Except, 5G is a bit different from anything else that came before it.

During demos in 2017, 5G routers achieved speeds of up to 4 gigabits per second.
Sure, demos are set up for performance: no obstacles in between, perfect signal. But even at nearly a tenth of the speed, around 500 megabytes per second could let you download a 100 GB 4K movie in under four minutes.


To put this into context, the average internet connection speed in the UK in 2017 was 16.51 megabits per second. That 242 times slower than peak 5G speed. On that average speed, that same 4K movie would take over 16 hours to download. 1Gbps, 25% of that “perfect” 5G speed, would still be great compared to the current average.

So, how did we get to 5G?

The original Gs

The “G” in 5G stands for…“generation.”

1G was the first wireless phone technology introduced in the 1980s, which then became totally digital in the early 1990s, when companies first started enabling people to send text messages between two cellular devices.

2G then morphed into GPRS and 3G in 1998 and early 2000s, allowing for internet access and exchange of heavier media.

4G is the fourth generation of broadband cellular network technology, succeeding 3G.
At the end of 2012, 11 major UK cities were connected to 4G, which allowed fast browsing on mobile, smartphone, and tablet. Since then, 4G has grown to include nearly 99% of the UK’s population.

Why do we need a different connectivity method?

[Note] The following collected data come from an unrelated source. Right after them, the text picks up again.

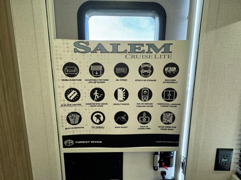 The Salem Cruise Lite travel trailers and toy haulers are value-minded units packed with great camping features! There are a variety of floorplans to choose from between three different regions. The enclosed Accessibelly will help protect against the elements and debris during transport, and the exterior retro/metal redesign is sure to be eye-catching! There are stylish roller shades inside, along with updated backsplash, elegant curtain rods and curtains, plus many more interior comforts! Choose a Salem Cruise Lite today for quality and value!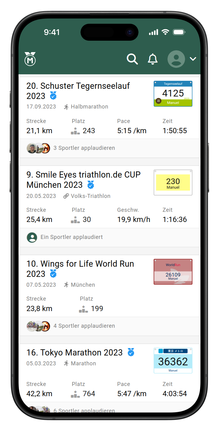 Jeder deiner absolvierten Wettkämpfe verdient es, gesehen und geteilt zu werden.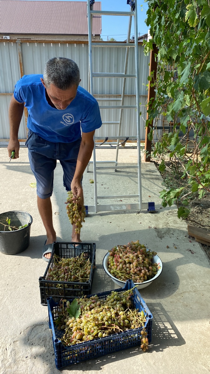 Солнечная ягода и напиток Богов. Правда ли? Друзья приветствую Вас на своём канале . Немного слов и букв, рубрика мои мысли «прибежали и убежали». Вот и август, бархатный сезон, тёплые дни и холодные ночи… Осень тихой поступью подходит в своё властвование. Для меня осень - это новый период жизни, перезагрузка и загрузка в тоже время))) Удивительная пора наступает на виноградниках. Многие сорта созрели. Осы атакуют, хотят насытиться солнечной ягодой. И начинается уборка винограда. Вот и первый наш южный урожай. Пусть не такой большой, но всё же он есть. Это сорт Преображение. Для меня он оказался капризным. Или я просто ещё учусь и не совсем ещё освоила все прелести виноградных дел. Спасибо что есть друзья, которые с радостью помогут. Но и нужно прочувствовать всё самой, набить руку, и шишку))) что бы реагировать быстрее с болезнями винограда. Вот столько получилось у нас винограда. А это сорт киш миш Лучистый, дочка его обожает. Пусть висит и спеет дальше. А я решила перемять виноград

IoT devices already outnumber the world’s human population, with predictions of 20 billion connected devices by 2020 excluding smartphones, tablets, and computers. For consumers, the main types of connected devices will be vehicles, smart TVs, and digital set-top boxes, according to Gartner, while business use will be dominated by smart electric meters and commercial security cameras. And possibly freight vehicles.

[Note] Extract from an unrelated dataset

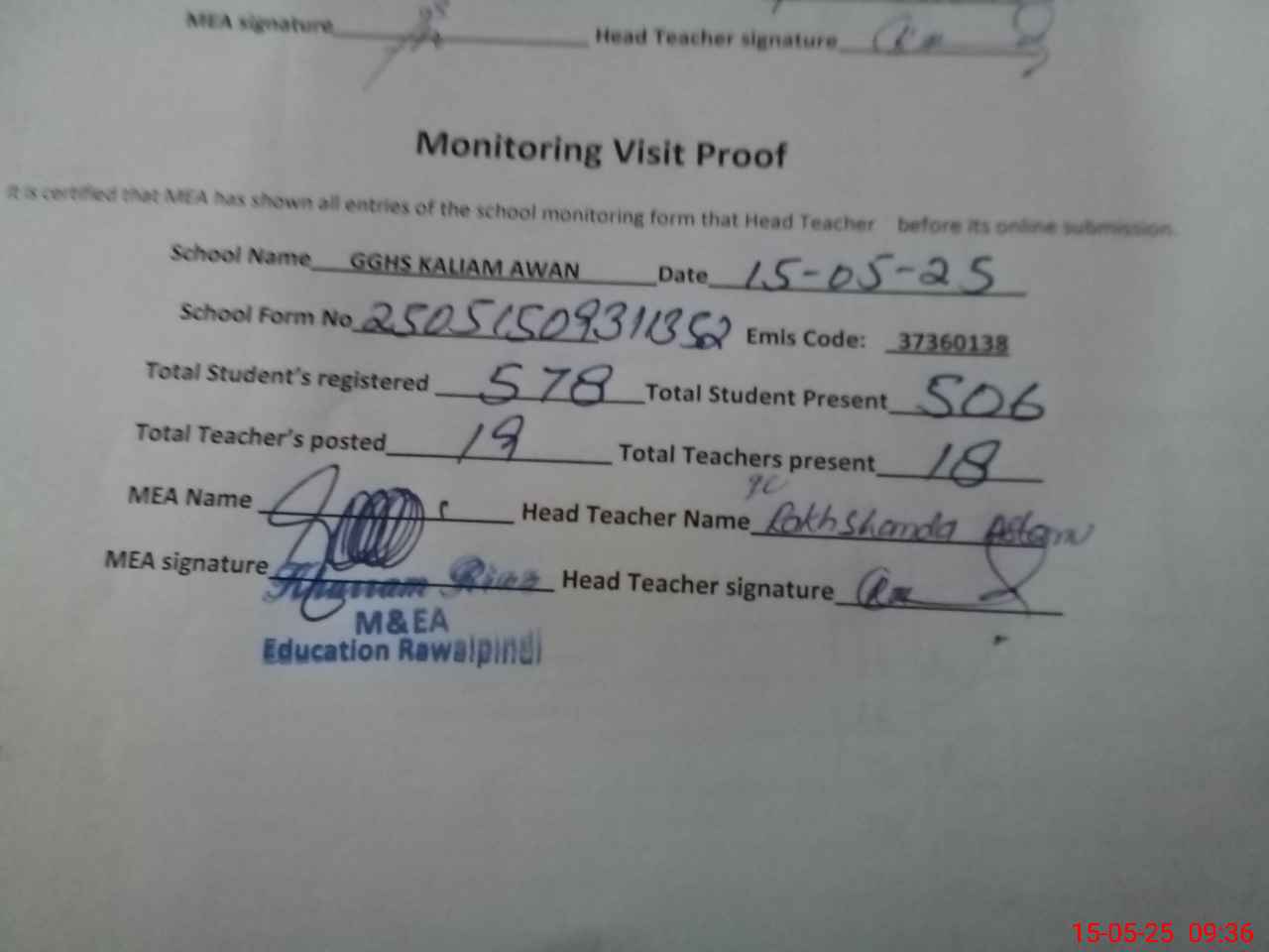 | Attendance Register | Head Teacher | MEA with School | Visit Proof |

Also, 5G is less reliant on cables: with wireless 5G millimeter waves, insanely fast speeds can be achieved without digging the ground, much like your mobile network for your phone.

Though, because of the very short range, the standard poses new challenges, like the need for a tight need network of antennas, which would currently be challenging outside of densely populated areas.

Testing and release dates

5G is currently being tested in the US, the UK, and a handful of other nations to determine the most efficient method of delivery. Verizon tested 5G at the Superbowl 2018, and will roll out a residential plan for 5 cities in the US.

However, it will take some time before 5G becomes widespread, but it will important to our vision of making the UK the fastest country in Europe.

The future?

We believe the future will be…fibre and wireless.

In other words, over the next few years, ultrafast internet will be the only standard capable of support the demands of augmented and virtual reality streaming, smart vehicles, mobile streaming, content creation and consumption, smart IoT devices and…a lot more.

Fibre will provide the core structure connecting cities, linking the main buildings and districts to ultrafast cabling. Microwave wireless will bridge some of them together. One layer up, 5G wireless will provide the infrastructure across the whole city, and provide backup to fibre-enabled buildings. Outside major urban areas, fibre cables will bring ultrafast connectivity to specific locations.

We’re working hard to make it all happen!